We may also be waiting for signs of enlivening relatedness, the fleeting appearance or exploration of developmental strivings, for emotionality to become valued rather than loathed; for opportunities to employ ‘spontaneous disciplined engagement’ (Lichtenberg, 1999)—for some clues, so help us, that all this effort is ‘getting somewhere.’ Repetition can be wearying, such as a patient’s epically-embedded ritualizations or self-protections, or other manifestations of an ‘exacerbated [transference] dilemma,’ which puts the analyst in the grip ‘of a requirement to provide the patient with an unbroken … experience uncontaminated by painful repetitions of past childhood traumata’ (Stolorow, 1993, p. 33), forestalling analytic traction.
Examples of such ‘grips’ include, in my case, a patient’s seeking a ‘prescription’ of how to stop ‘wanting’ to drink or use drugs (often to please an impatient other); determining whether or not he has a frightful disease based on somaticized symptoms; or how to exit an abusive relationship in a way that ensures the other will not collapse. In such cases, a patient often becomes frustrated or deflated if I cannot detect or articulate their feelings from afar, conceptually perceived, that I am ‘forcing’ them to dwell in pain rather than analyze or surgically remove such affect for the sake of ‘curing’ or cleansing them, finally, of overwhelming, obtrusive, or even contemptible emotion.

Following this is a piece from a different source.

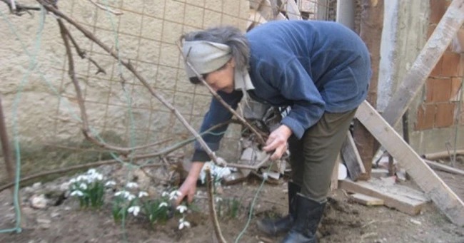 „Mi-au ieșit ghioceii și vreau să pun cerceluși, panseluțe și albăstrele. Cum le cumpăr, cum le pun. Mai aștept însă o ploaie, că vremea e încă rece", spune femeia în timp ce lucrează cu o săpăligă improvizată la gardul viu de pe margine aleii.

Here too I may sense I am ‘failing’ the patient in my inability to provide an assuredly safe prescription, as if my own analytic orientation, or fallible subjectivity (Orange, 2006) is shamefully at issue, that if I come up short or offer something ‘deficient,’ the patient may become endangered, or exit—as they sometimes do.
Estragon: Use your intelligence, can’t you?
Vladimir uses his intelligence.
Vladimir: I remain in the dark.
(p. 12)
Such situations—the Godot situation generally, with these specific variations—can be especially problematic for those of us who survived a ‘gifted child’ (Miller, 1997) upbringing, resulting in a fraught intersubjective resonance (Stolorow & Atwood, 2016) when vulnerability becomes perceived, by patient and/or analyst, as dangerously or contemptuously risky. An eerie déjà vu ensues, as I once again appear required to provide an asymmetrically ‘perfect’ responsiveness—lest I become a kind of ‘anti-Godot’ to a person I hope to help. In my own childhood, not knowing or having answers to ‘obvious’ questions asked by agitated or angry caregivers—in an attempt to prove that the feelings I was expressing were ‘immature’ or ‘irrational’—marked me as inadequate, a longstanding killer-organizing principle (Stolorow, 1999) of my own.
Atwood (2015) describes this ‘gifted child’ scenario as being a ‘traumatic condition’ called ‘the situation of the lost childhood,’ which ‘has developed early in the lives of almost every psychotherapist I have known,’ especially those of us who treat acutely disordered or dissociated patients. In such histories, whenever the child or ‘little psychotherapist’ dares to pursue vitalizing self-expression, ‘the parental response may be, “Why are you killing me?”’ (all quotes, p. 150).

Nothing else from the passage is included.